Forty years ago, we were just beginning to consider how to integrate and effectively use the tools of two distinct scientific disciplines to answer fundamental questions about how genes influence risk of major chronic diseases such as type 2 diabetes, cardiovascular diseases, and common cancers. At the time, there was no reference human genome sequenced, and there were no public repositories of common haplotypes or single nucleotide polymorphic (SNP) markers, and there were no genome-wide association studies (GWAS). Here, we highlight the role of genetic epidemiology within the broader realm of epidemiology, and we discuss the strides made in our understanding the genetic control of complex disease that arose through critical advances in technology during this time frame. We then briefly discuss directions and challenges to be pursued in the future.
THE EARLY YEARS
Statistical, computational, and technological innovations in genetic epidemiology have set standards for reporting results and synthesizing knowledge not only for the field of epidemiology but also for other scientific fields.
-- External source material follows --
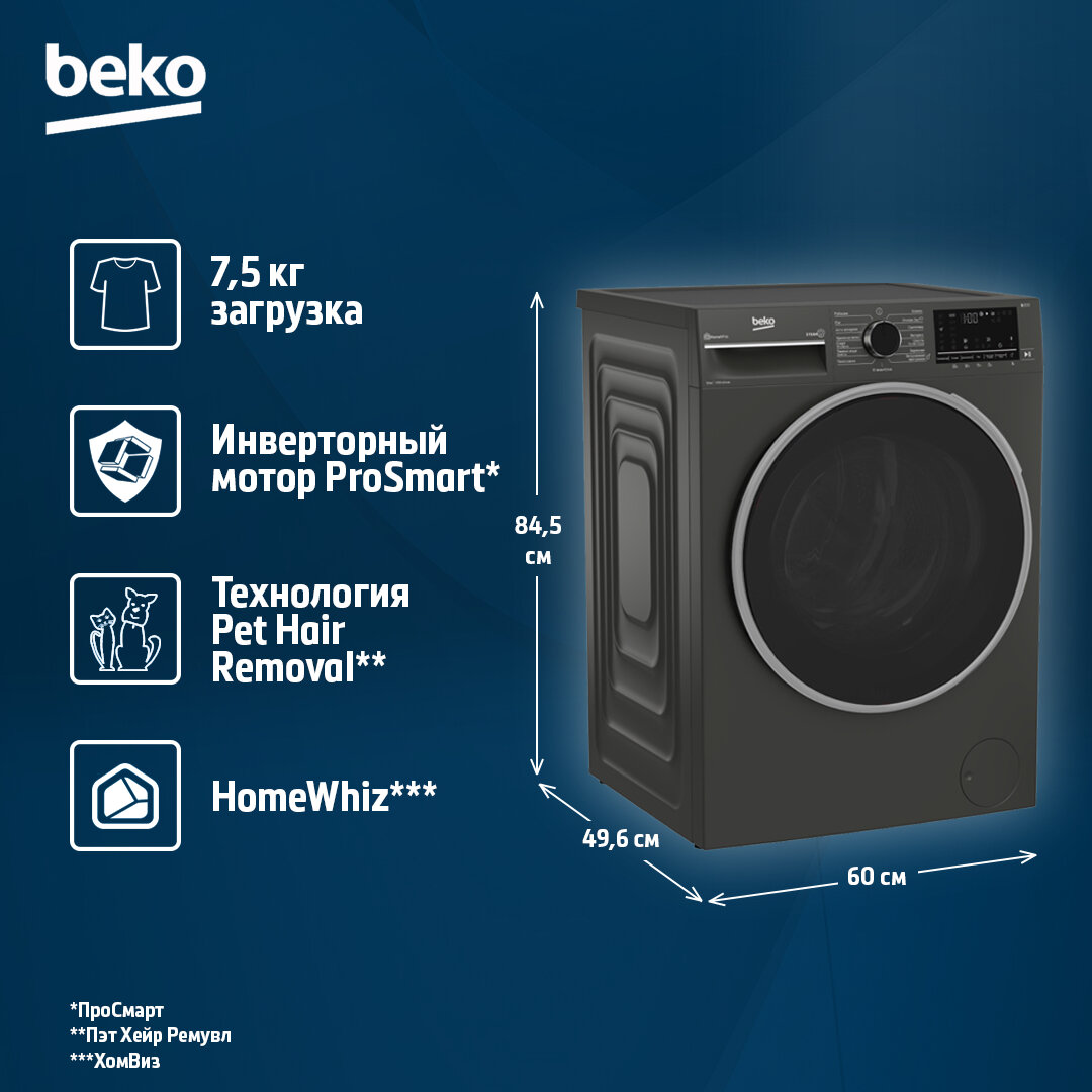 | Стирка | 7.5 кг, 1200 об/мин |

As genetic epidemiologists, we develop and apply statistically sound methods to identify genetic factors associated with disease, gather knowledge about underlying causal mechanisms using several different kinds of genetic data, and use this knowledge for improving public health, whether through prevention or intervention in controlling human diseases. Genetic epidemiology is still epidemiology—the study designs must still protect from recognized confounders or biases such as sampling, information, and ascertainment biases; population stratification (i.e., confounding by ancestry); and sample or specimen errors, and there must be transparent reporting of methods and analysis, as well as replication/validation to confirm findings (6).
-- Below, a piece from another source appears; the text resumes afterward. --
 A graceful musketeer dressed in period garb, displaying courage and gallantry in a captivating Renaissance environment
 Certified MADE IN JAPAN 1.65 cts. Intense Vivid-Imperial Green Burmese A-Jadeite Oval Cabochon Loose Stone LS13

The field of genetic epidemiology works with traditional population-based study designs as well as family-based designs to ask a wide range of scientific questions. It applies a broad range of methodological designs, from the purely descriptive to the highly analytical (7). Early genetic epidemiologic studies were focused on trying to assess the role of family history on the risk of disease and to quantify familial aggregation, whether it results from genetic or environmental causes (8). Sometimes evidence for familial aggregation can be based solely on population prevalence rates (Kpop) and the observed risk among relatives of cases (stratified by the degree of relationship). The ratio of these prevalence rates (λ = Krel/Kpop) is a direct measure of familial aggregation and determines statistical power under specialized study designs such as affected sib-pair studies that are used to test for consequences of genetic linkage. Other measures of familial aggregation include assessing risk of disease if there is any family history of the disease, including family members in the study, and through adoption and migration studies. Beyond these simple risk ratios, the most common summary statistic to measure any potential degree of genetic control is “heritability.” Heritability dates back to R. A. Fisher (1918), who developed the theory underlying “polygenic” models, where an unspecified number of unobserved, independent, autosomal genes control a quantitative phenotype (9), and extends to our current definition of “narrow sense heritability” attributed to J. L. Lush (10, 11). This linear model predicts an observed phenotype as the simple sum of effects due to genetic and nongenetic factors, and it allows partitioning the observed total phenotypic variance (σ2) into corresponding genetic and nongenetic components of variance.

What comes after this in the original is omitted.